T+1 will release £1 billion of margin in the UK, says BoE

Bank of England’s director for financial market infrastructure highlights the reduction of costs and risks in shortening the settlement cycle.

The UK’s move to a T+1 settlement cycle could release £1 billion of margin currently required at central counterparties, according to the Bank of England’s (BoE) executive director, financial market infrastructure, Sasha Mills. 

Sasha Mills

Speaking at the launch event for the UK’s T+1 transition today, Mills highlights how a shorter settlement cycle will mean that firms and central counterparties face lower counterparty risks, which the BoE anticipate will lead to “significant amounts of margin being released by CCPs to members and their clients”. 

Explaining the £1 billion figure, the BoE said the estimate relates to margin posted to support UK cash equities clearing and applies the approximate margin reductions seen in another jurisdiction which has transitioned to T+1 from T+2. 

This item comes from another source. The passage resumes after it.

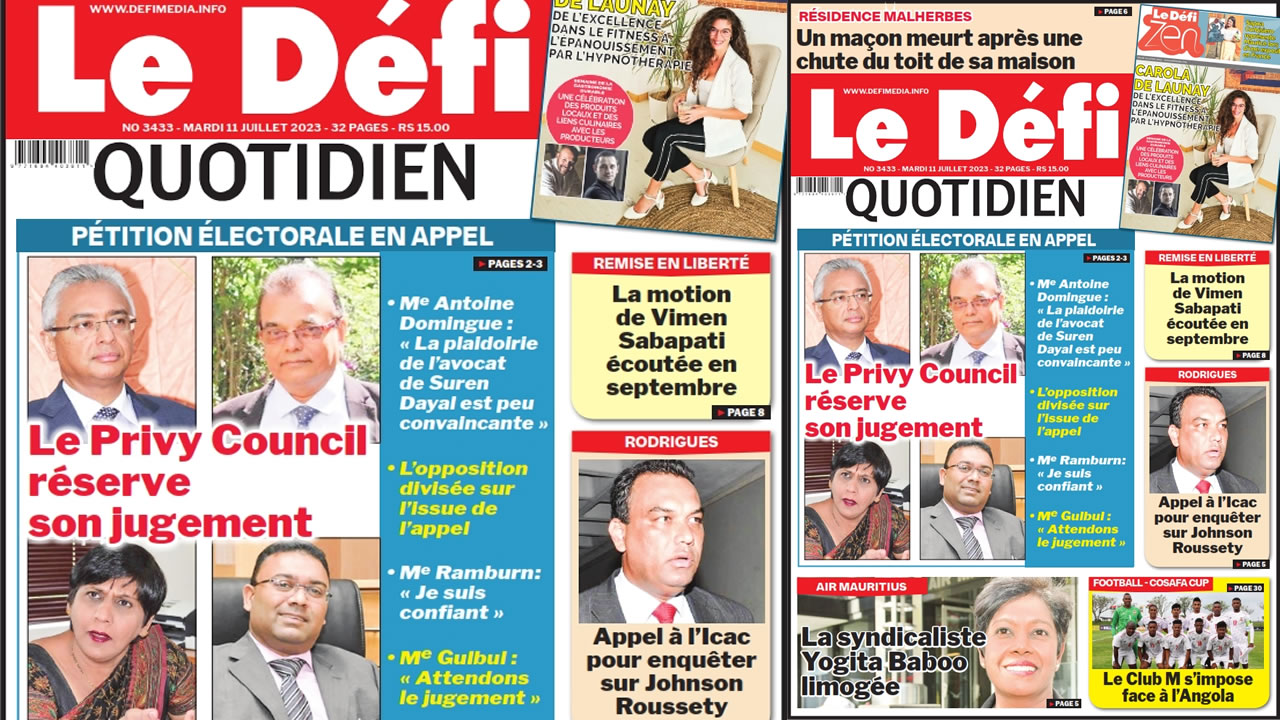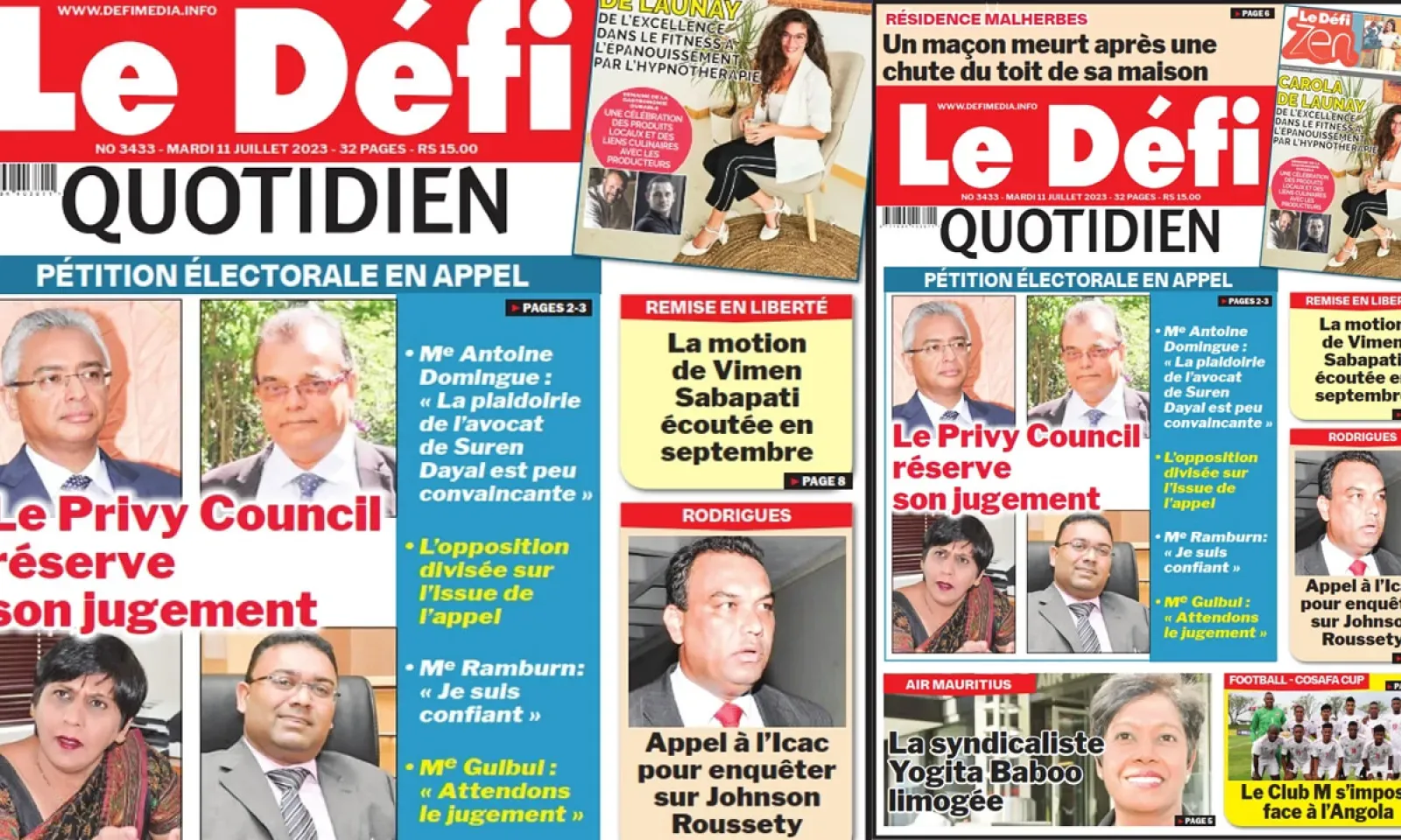 ? Voici la Une du Défi Quotidien. Le journal est en vente à Rs 15 l'exemplaire aux endroits habituels (supermarchés, boutiques, tabagies, superettes). Bonne lecture !

Mills noted the amount was “a significant sum which could be used by market participants for other productive purposes, supporting the UK economy”. 

In a speech to an audience at the UK Accelerated Settlement Taskforce event The T+1 Journey Starts Now Mills voiced the BoE’s support for the transition to T+1, noting it should reduce the costs and risks associated with the existing misalignment of settlement cycles and ensure alignment with the US. 

“The transition to T+1 should catalyse firms’ investment in automation and standardisation, leading to lower settlement costs in the medium term and more efficient markets,” she added. 

The UK will move to T+1 on 11 October 2027, in line with the EU and Switzerland. 

James Pike, chief revenue officer at Taskize, commented: “If everything runs smoothly from an operational preparation perspective, the release of £1 billion is a tangible reality. However, the challenge currently lies in ensuring a successful migration by October 2027. Firms must act early to review and adapt their post-trade operations to ensure a seamless transition. This will require huge investment in technology and process reengineering, not to mention close collaboration between industry banks, custodians, and fund managers. The lessons learned from the US shift to T+1 earlier this year highlight the importance of preparation and coordination.”